I used to jump exclusively with only a dressage saddle. It's the only saddle I had at the time. At the time, I managed, and really I guess I didn't care since I kept jumping in it with no issues, and never once got punched in the crotch. Heck, I even did a dinky cross country cross in it, consisting of logs and stone walls. I never jumped more than about 3 ft though.

Then a few years went by, and I got an actual jumping saddle. Rode in that exclusively for at least a year. One day I decided to ride in my old dressage saddle. Tried to jump in it. Got a stomach full of leather, got knocked forward... all areas of the seat where rammed by the saddle. 

So in conclusion, yes, you could jump in a dressage saddle. It just isn't as easy, and the saddle does not help your position at all. If it's all you have, it's not the end of the world. Just be careful with your body so you don't get smacked. 

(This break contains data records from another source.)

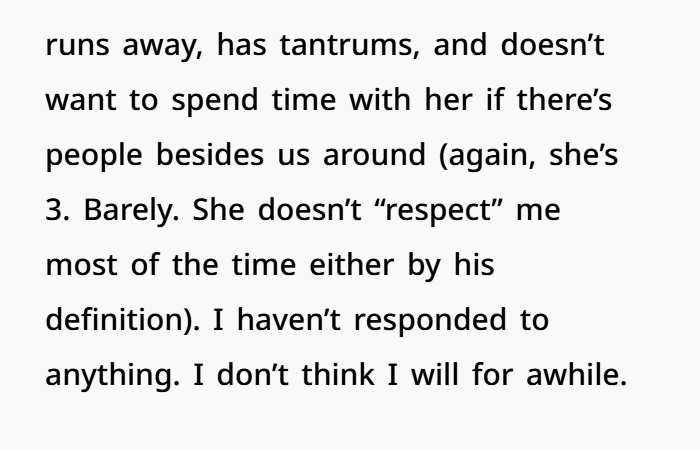 Finally, the broader emotional context matters too. Parenting a three-year-old is chaotic by nature. Toddlers are still developing emotional regulation and frequently test boundaries. Tantrums, running away during play, refusing to listen, or “talking back” are all normal behaviors at that age. Developmental psychologists emphasize that expecting consistent “respect” from a toddler misunderstands how young children process rules and authority. They’re learning, experimenting, and reacting emotionally — not intentionally disrespecting adults.
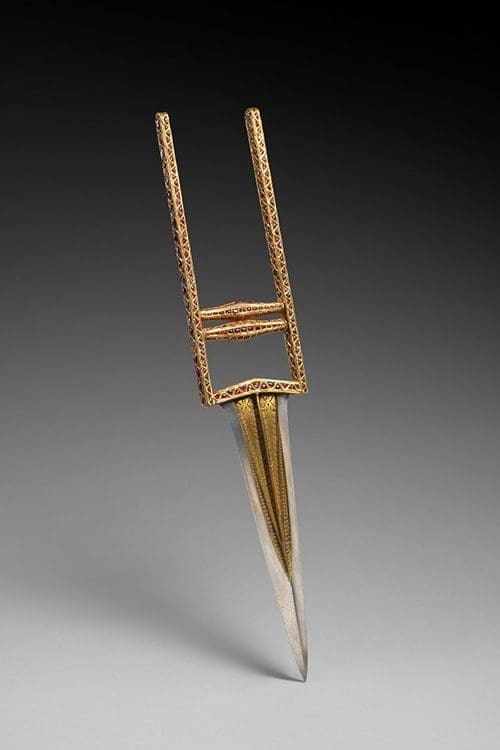 - a jewelled katar dagger from India (18th CE) inlayed with 481 rubies and almost one hundred emeralds, a weapon worn at court as a symbol of wealth and power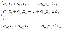 В итоге математическая модель задачи планирования производства может быть сформулирована следующим образом: составить такой план производства продукции X =(x1, x2, …, xn), удовлетворяющий системе ограничений (6.4), условию (6.5), при котором целевая функция (6.6) принимает наибольшее значение.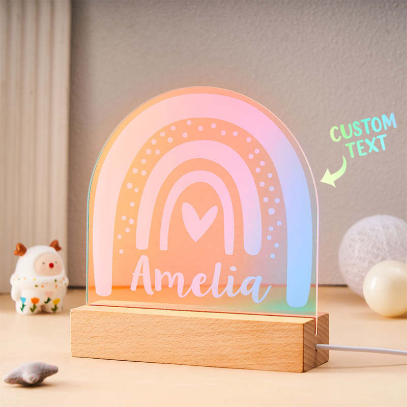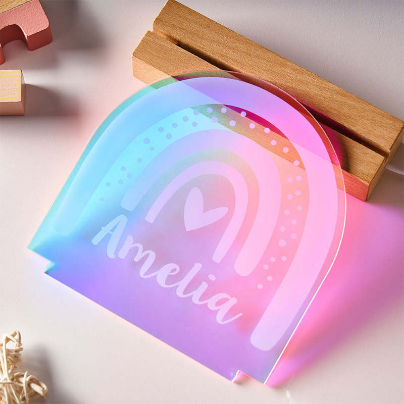Personalised Engraved Rainbow Shape Colorful Laser Lamp Lovely Transparent Gradient Color Ornaments For Children

Jumping in a dressage saddle ~10 years ago
https://scontent-a.xx.fbcdn.net/hphotos-frc3/96_516710790952_246_n.jpg


----------



## Girl girly (Oct 21, 2012)

I do have some jumping experience and my trainer say that right now I am looking better then I did in a jumping saddle. So I was just wonding if it was unsafe but I see that it's safe. So thank you so much for posting something


----------